What is the most simple thing you can start with? It seems easier to first make something that does not create novel sentences, but just does more listening than talking and that occasionally selects from a few stock responses in a sensible way. ("Nice." "Sounds complicated." "That much?" "How sad.") More a listen-bot than a chatbot. And more easy than that is something that just highlights what seems unusual or important. Surely something like a highlighter is needed for more complex dialogue interactions as well. So, the roadmap is: mute text highlighter → taciturn listenbot → proper chatbot
What I'm thinking for the highlighter isn't on/off, but degrees and I'm actually not thinking of a single highlighter, but three that work together:
1. The "old Codger" represents generic expectation for parsing English text. It doesn't ever update itself, just applies fixed scoring rules, like giving more points to a word for rarity (using scores from a look-up table and Scrabble score to further distinguish between words with no dictionary entry) and giving points to sentences with formulations that are not rare or special themselves, but imply something like that happening in the sentence (like the words "rare" itself, and "extreme", "the most", "surprising" etc.) or an extreme event ("birth", "death", "war"…). Another indicator for sentence complexity is the FOXDOG metric (copyright me, do not steal): how many different letters appear in a sentence. Since the bot is supposed to give a shit about you, you saying "I"/"me"/"my"/"myself"/"we"/"our"/"us" also boosts importance for a sentence. And of course, there's also some conditional probability stuff about expected adjacent words.
2. The "young Baby", builds expectation from recent inputs and scores relative to that expectation. It also uses a dictionary with synonymous words and topical tags. If a word is unique in the window of consideration, but synonymous or fitting with recent topics, it doesn't score that high. (A similar cooperation of "C." and "B." can happen inside a robot with an expressive face and stuffed with sensors for noise and temperature and other things: with "C." working with a fixed absolute scale, "B." with a scale that is calibrated around the recent impressions, and together they work out how surprised/annoyed/etc. the robot's reaction to noise etc. is.)
3. The "Middle" also builds expectations like "B.", but the considered time frame is much bigger. The expectation of hearing a word again goes down over time like with "B.", but it isn't just slower decay. In the big picture the expectation goes down, but with some bumps on the way, so it isn't monotonic. The idea here is that there are situations in life that repeat with rhythms, so what goes into the expectation of "M." are questions like: What words do I usually hear at… this time of the day/yesterday/the same day last week/the same day one year ago? (For a robot with the right sensors we can add: What words do I usually hear when I'm… seeing that the sky or ceiling has this color/measuring this temperature/facing this cardinal direction/sitting/etc? All with non-monotonic decay. And we can also look for other correlations like how common it is to have this sensor impression this time of day/day of the week etc. and all of that adding a bit to how confused/bored/etc. the facial expression is.)

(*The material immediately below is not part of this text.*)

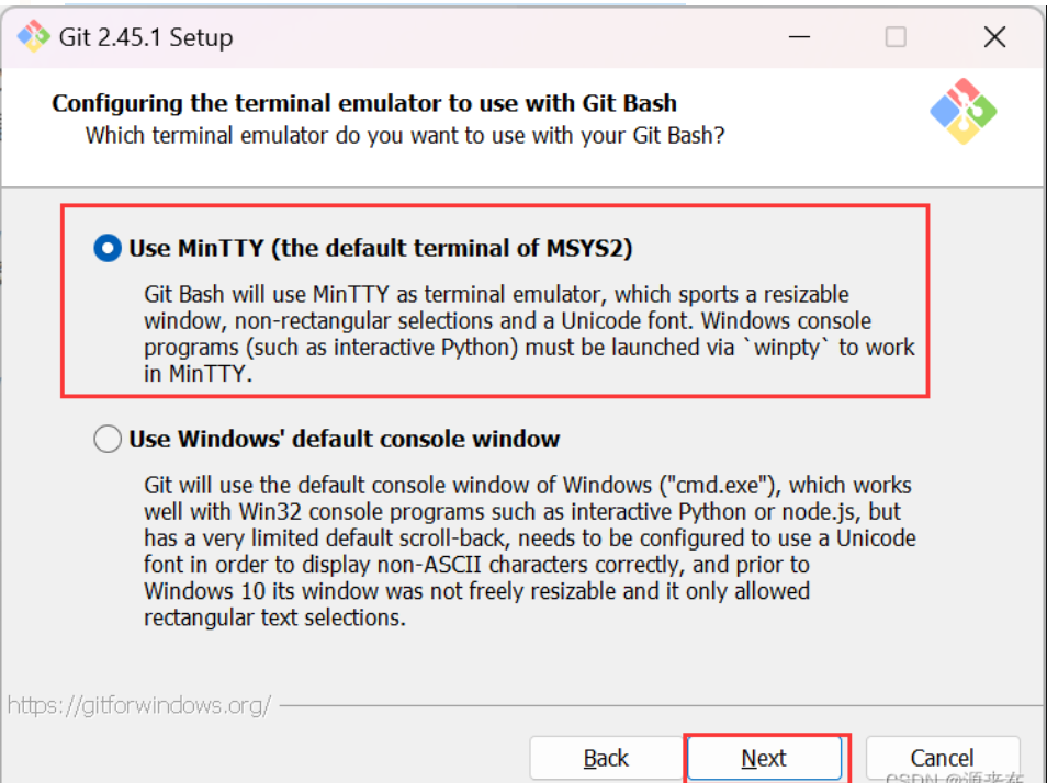 - 第一个是“使用MinTTY(MSYS2的默认终端)”。Git Bash将使用MinTTY作为终端模拟器,该模拟用具有可调整巨细的窗口,非矩形选择和Unicode字体。Windows控制台程序(比方交互Python)必须通过“ winpty”启动才气在MinTTY中运行。

We can also call these three Caspar, Balthazar, Melchior.
The common words are listed in a database and have tons of tags attached like cute, gross, swear word (one word can have multiple tags) that get weighted together for an appropriate emotional response. Negation in the vicinity of a heard word strongly dampens its weight and the intensity of the reaction, as do words and formulations like "movie" or "just kidding" which suggest the word likely doesn't belong to a real-world situation. Talking in the past tense and using formulations like "long time ago" also dampens the reaction intensity.
When somebody says that "X is long", what it actually means is that X is longer than some implicit reference standard. Likewise with heavy, fast, old… So, for the bot to make a comment of that sort requires that it builds up such a standard. The standard is strongly context-dependent, think of what "near" and "small" means to you when talking about animals and when talking about the planets. Often, talking about a thing conjures up a collection of things it belongs to and whether it appears to be heavy or big etc. strongly depends on how it looks in that set and also how it looks relative to other recently mentioned things. So, for some very common nouns at least there needs to be information in the database about typical size and so on. Since I'm lazy the database will have lots of holes. One common reference point for size and weight etc. will be an average human at the middle of life. Even just recently used numbers can serve as reference values (not very logical, but humans also do that). Several reference points get put on a line and then we look where on the line the mentioned thing is. I'm more partial to the median than the mean as the main reference point.